Data below
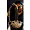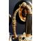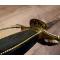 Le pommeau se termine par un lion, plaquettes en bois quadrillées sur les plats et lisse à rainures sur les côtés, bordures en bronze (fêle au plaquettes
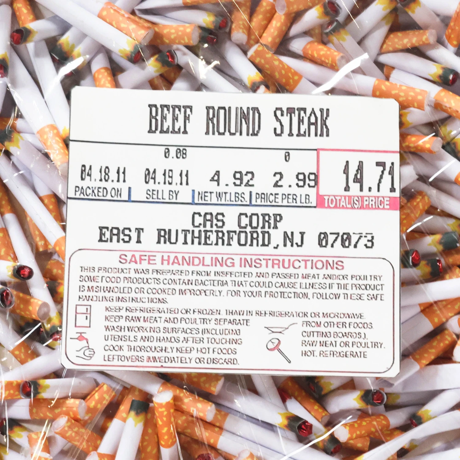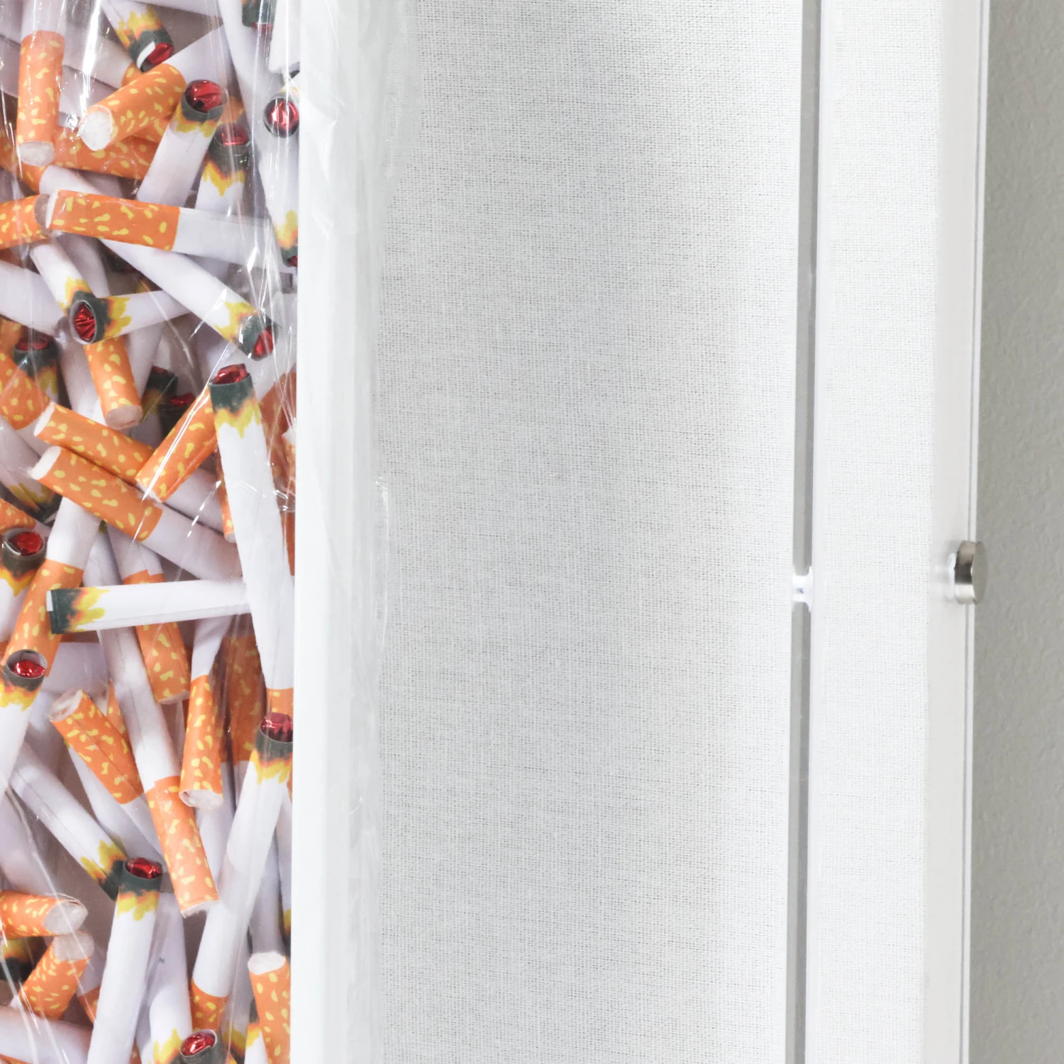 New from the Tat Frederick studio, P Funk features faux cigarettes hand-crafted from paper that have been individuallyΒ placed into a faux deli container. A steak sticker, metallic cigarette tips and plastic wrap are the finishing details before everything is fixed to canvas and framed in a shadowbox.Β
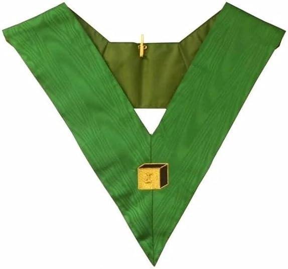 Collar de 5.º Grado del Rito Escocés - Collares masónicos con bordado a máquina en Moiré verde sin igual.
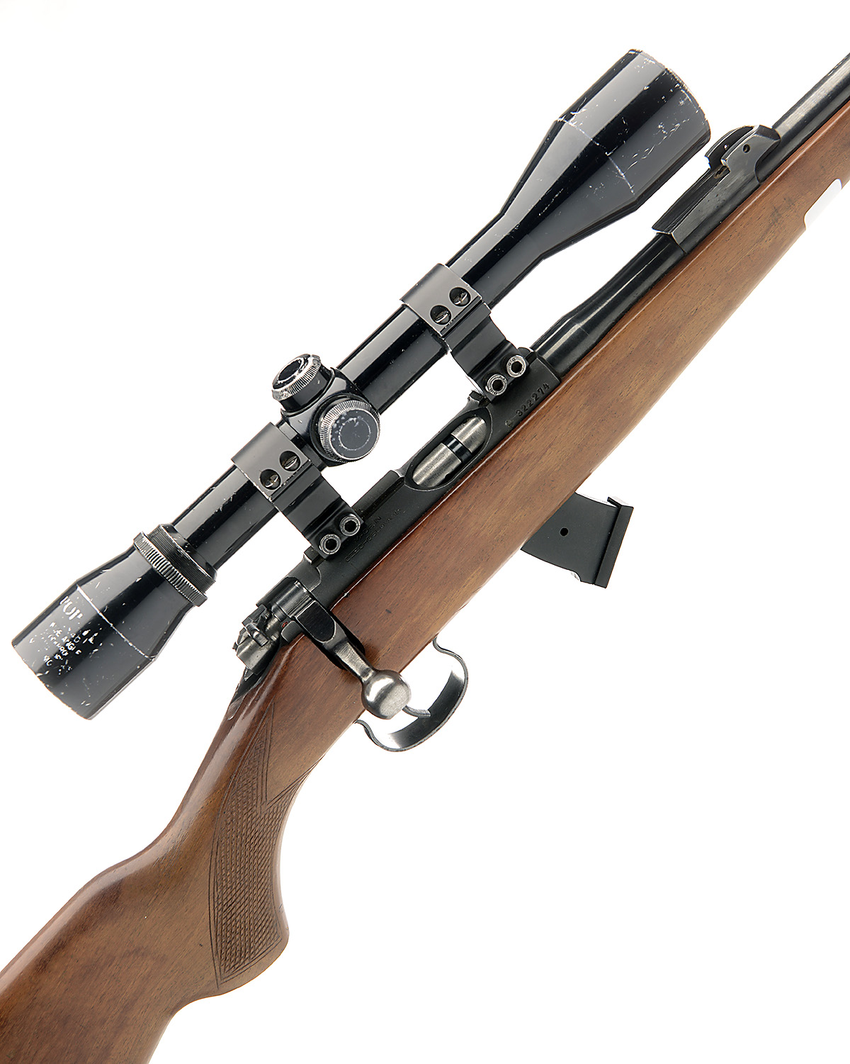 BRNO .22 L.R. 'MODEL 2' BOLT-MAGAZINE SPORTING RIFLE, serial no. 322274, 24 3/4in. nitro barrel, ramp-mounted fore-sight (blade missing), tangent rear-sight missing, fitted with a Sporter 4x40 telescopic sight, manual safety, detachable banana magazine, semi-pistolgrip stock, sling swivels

Task item
Your copy should hold exactly and only the lines from the one containing "Collar de 5.º" through the end of the material, inclusive, repeated word for word and without pictures.

Reply
 Collar de 5.º Grado del Rito Escocés - Collares masónicos con bordado a máquina en Moiré verde sin igual.
 BRNO .22 L.R. 'MODEL 2' BOLT-MAGAZINE SPORTING RIFLE, serial no. 322274, 24 3/4in. nitro barrel, ramp-mounted fore-sight (blade missing), tangent rear-sight missing, fitted with a Sporter 4x40 telescopic sight, manual safety, detachable banana magazine, semi-pistolgrip stock, sling swivels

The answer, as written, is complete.